In the run-up to the event, the local community was also encouraged to participate through traditional celebrations such as reel dancing - a Khoisan cultural dance.
Two children elope to Africa:
Berlin - Two childhood sweethearts, aged six and seven, eloped from Hanover in northern Germany on New Year's Eve, determined to tie the knot under the African sun, police said on Monday.Aw, shucks!

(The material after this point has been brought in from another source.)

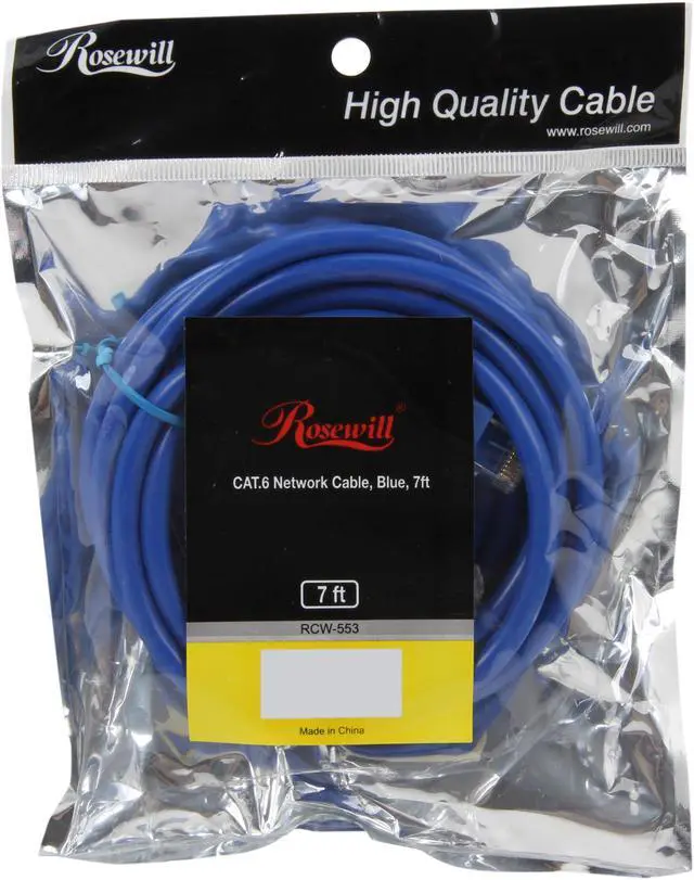 The Rosewill Cat 6 Network Cable offers a reliable Ethernet connection. It is designed to handle high bandwidth intensive applications, and drastically reduces both impedance and structural return loss (SRL), as compared to standard 100MHz, wire to ensure error-free transmission. The durable blue jacket easily color-codes your cable runs while providing rugged flexibility for your network connection. To ensure long lasting performance, the cable features strain relief to prevent the RJ45 from bending at sharp angles, and a snag-less design to protector the RJ45 clip from damage during installation.

That's so cute.
The pair identified as Mika and Anna-Lena "are very much in love and decided to get married in Africa where it is warm, taking with them as a witness Anna-Lena's little sister, aged five", police spokesperson Holger Jureczko said.
[...]
As the first dawn of 2009 broke, the trio started to put these plans into action, packing all the essentials for the journey, including "sunglasses, swimming trunks, a lilo, summer clothes and provisions".
While their parents slept, they left their house in the suburbs of Hanover, walked a kilometre (two-thirds of a mile) up the road to a tram stop from where they took a tram for the central station.
Waiting for a train to the airport, they aroused the attention of a guard who contacted police.
Two officers managed to convince the young lovers that they would struggle to get to Africa without money or a plane ticket.
As a consolation, the children were given a special tour of the police headquarters at Hanover station where they were especially taken with the detention cells.
Their relieved parents picked them up from the station, the spokesperson said, adding: "They can still put their plan into action at a later date."